My suggested code to patch class.tslib_fe.php works on the premise that $this->TYPO3_CONF_VARS['FE']['pageNotFound_handling'] value is TRUE, but perhaps the TYPO3 404 handling should still work when $this->TYPO3_CONF_VARS['FE']['pageNotFound_handling'] is FALSE and therefore still show 404 headers and redirect to home page/ root page of website.

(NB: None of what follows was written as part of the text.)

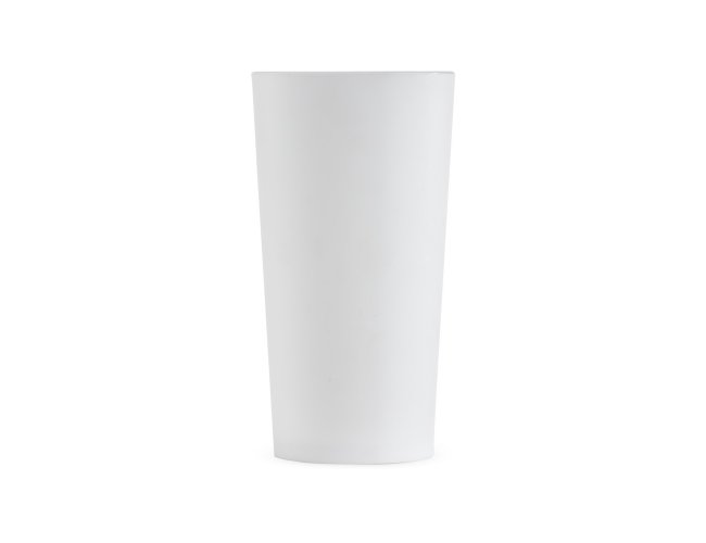 Copo plástico 420ml produzido em polipropileno (PP) com acabamento fosco leitoso.
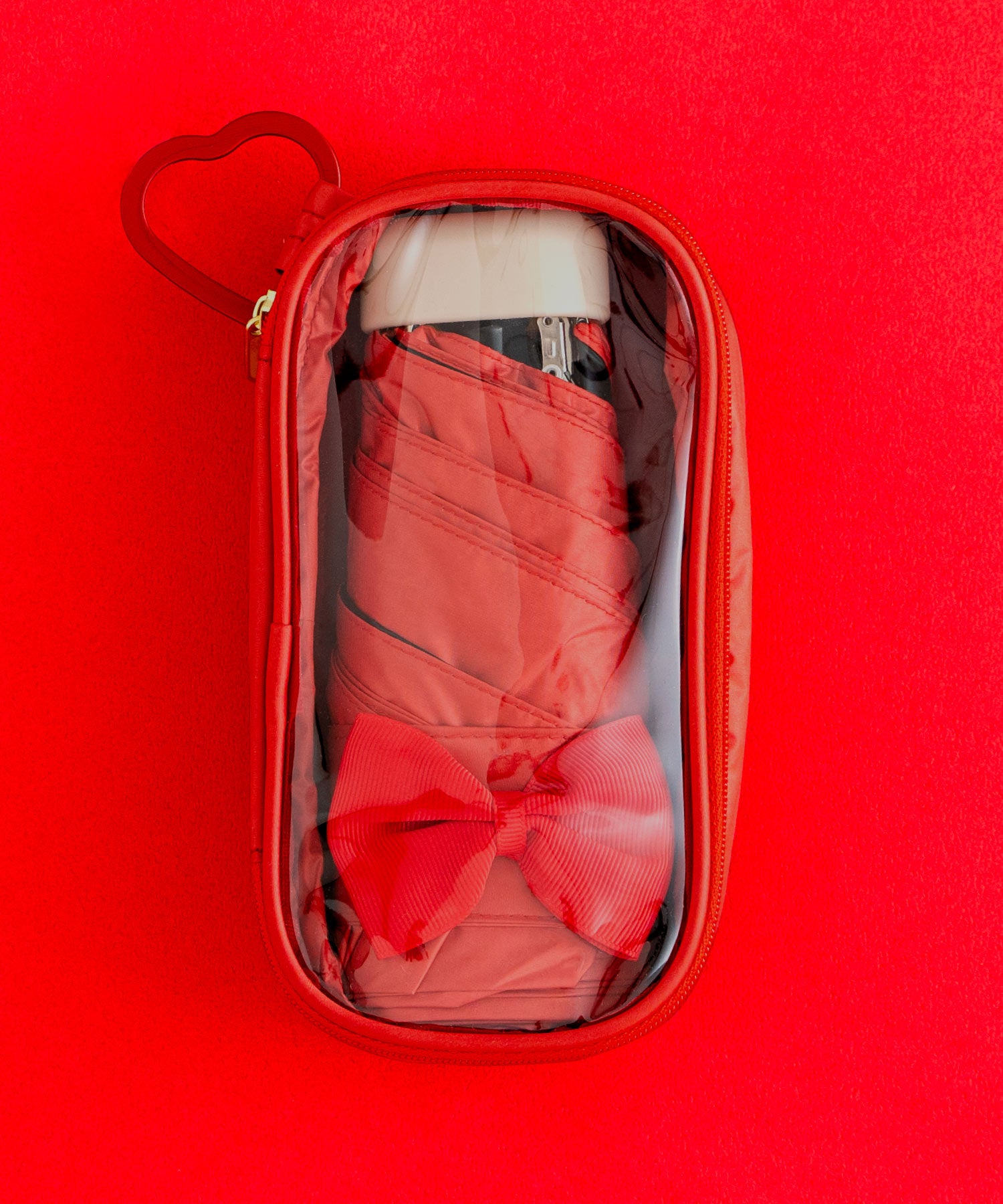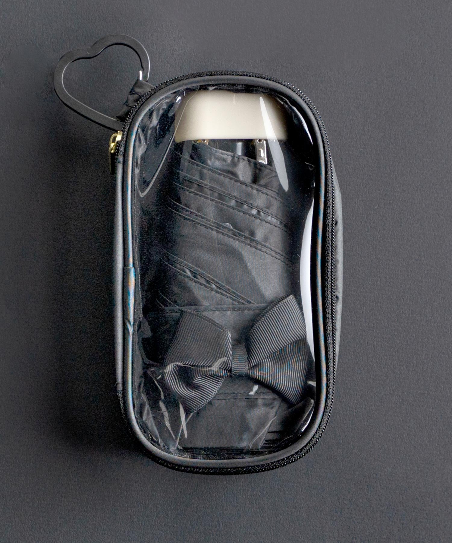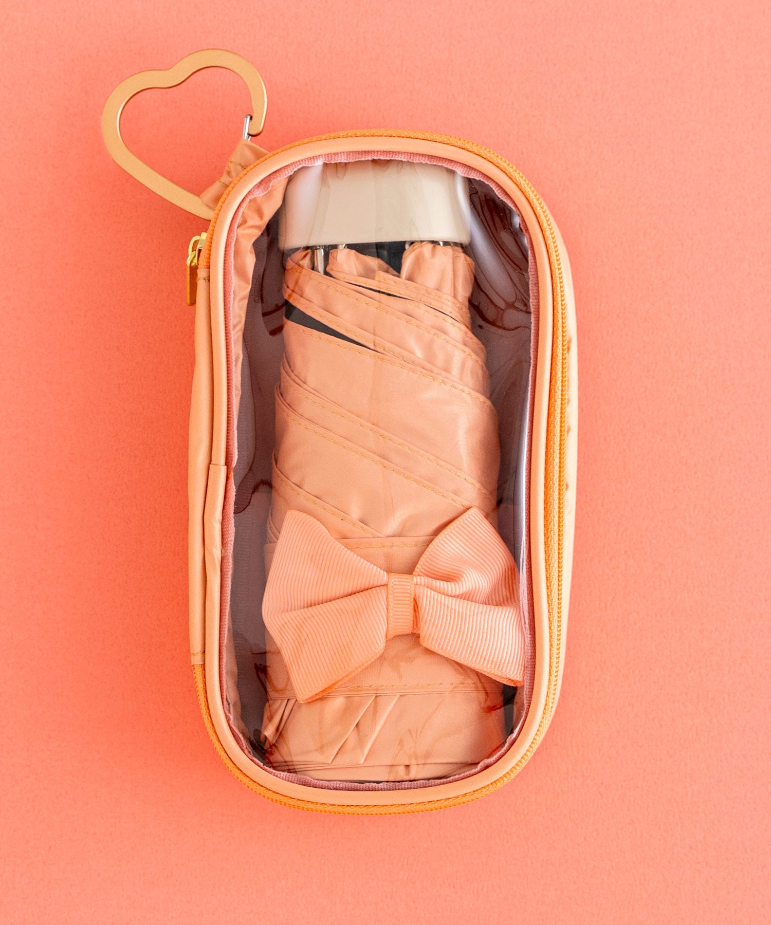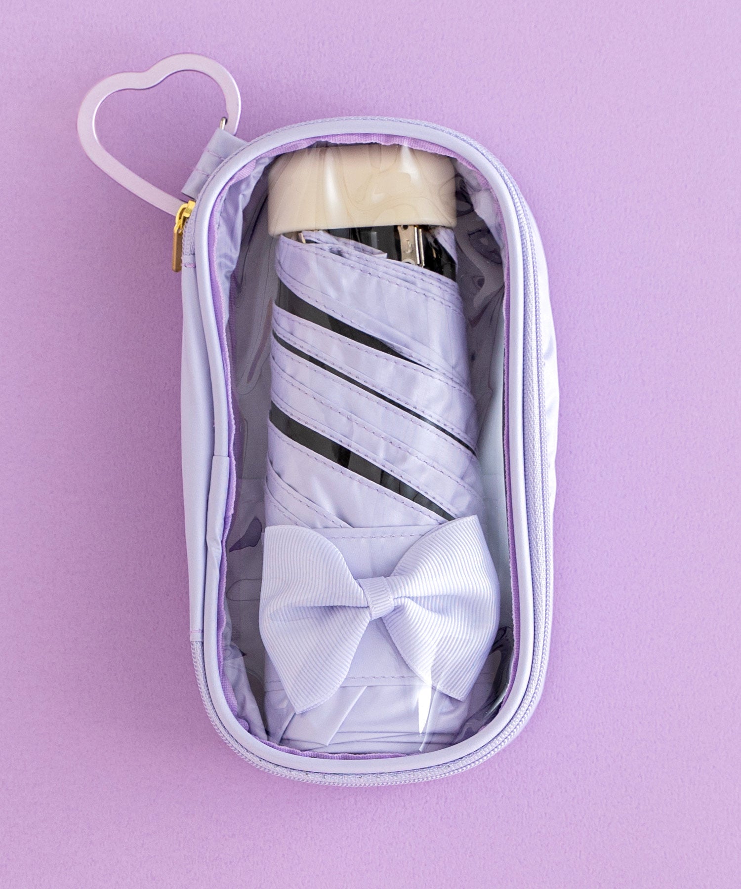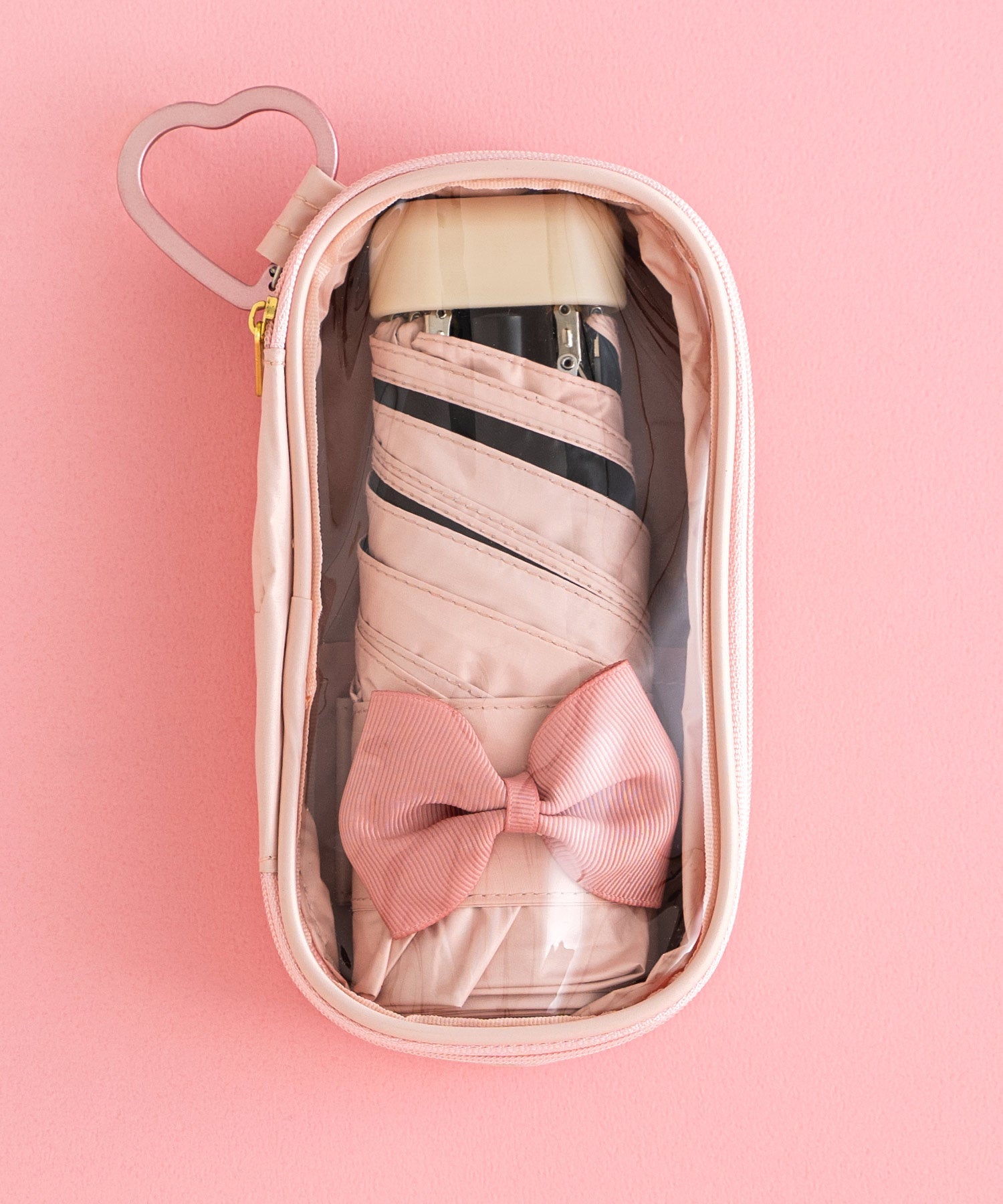 シンプルな無地デザインの傘にリボン付きの帯がワンポイントになっており、通勤・通学でも使いやすいデザインです。クリアポーチタイプの収納ケースは、間口が広いので傘が収納しやすく、リュックやトートバックにいつでも引っかけられて取り出しやすいハート型のカラビナ付き。傘を可愛く見せるだけでなく、背面ポケットにお気に入りのグッズなどを収納することができます。アクセサリー感覚で、ステッカーや推しのアイテムなど“好き”を詰め込むことで自分だけのオリジナル日傘に!

Please see attached file(s) class.tslib_fe.modified.php.txt & class.tslib_fe.orig.php.txt to review suggested code as a basis idea working towards possible patching of /typo3/sysext/cms/tslib/class.tslib_fe.php
(issue imported from #M8343)
Files
class.tslib_fe.modified.php.txt (162 KB) class.tslib_fe.modified.php.txt | Administrator Admin, 2008-05-06 17:00 | ||
class.tslib_fe.orig.php.txt (162 KB) class.tslib_fe.orig.php.txt | Administrator Admin, 2008-05-06 17:01 | ||
class.tslib_fe.modified.php__updated.txt (162 KB) class.tslib_fe.modified.php__updated.txt | Administrator Admin, 2008-05-22 04:04 | ||
effects_on_this-id_using_default_class.tslib_fe.php.txt (2.88 KB) effects_on_this-id_using_default_class.tslib_fe.php.txt | Administrator Admin, 2008-05-29 14:36 | ||
effects_on_this-id_using_modified_class.tslib_fe.php.txt (2.25 KB) effects_on_this-id_using_modified_class.tslib_fe.php.txt | Administrator Admin, 2008-05-29 14:36 | ||
class.tslib_fe.original.php (198 KB) class.tslib_fe.original.php | original file from typo3_src-4.5.29 source | Matthew Kennewell, 2013-09-12 09:55 | |
class.tslib_fe.modified.php (199 KB) class.tslib_fe.modified.php | modified version placed in typo3_src-4.5.29 source | Matthew Kennewell, 2013-09-12 09:55 |
Updated by Matthew Kennewell over 16 years ago
Additional information can be found in a post in the TYPO3 mailing list typo3.dev
Subject "An idea to further process ' page not found ' 404handling"
Originally posted "Tuesday, 29 April 2008"
Updated by Olivier Dobberkau over 16 years ago
We have experienced a massive Load due of this handling behaviour.
Updated by Matthew Kennewell over 16 years ago
the attached file, class.tslib_fe.modified.php__updated.txt , has a line added in the following array, which was not in file class.tslib_fe.modified.php.txt
This added line, starting with 5 => , is required to for outputting an error message when suggested new function checkAndSetPageNotFound() sets $this->pageNotFound = 5
the following code block is from file /typo3/sysext/cms/tslib/class.tslib_fe.php around line 884-891
----------------------------------------
if ($this->pageNotFound && $this->TYPO3_CONF_VARS['FE']['pageNotFound_handling']) {
$pNotFoundMsg = array(
1 => 'ID was not an accessible page',
2 => 'Subsection was found and not accessible',
3 => 'ID was outside the domain',
4 => 'The requested page alias does not exist'
5 => 'The requested page or file resource does not exist'
);
----------------------------------------
Updated by Matthew Kennewell over 16 years ago
Well I have completed some further research into SSD & 404 handling and it seems that the code suggestions I have made to date may not work as expected, (produce correct 404 headers), so i have come up with the following as another suggested fix for this bug. This suggestion may not consider all things required, its just a step towards fixing bug.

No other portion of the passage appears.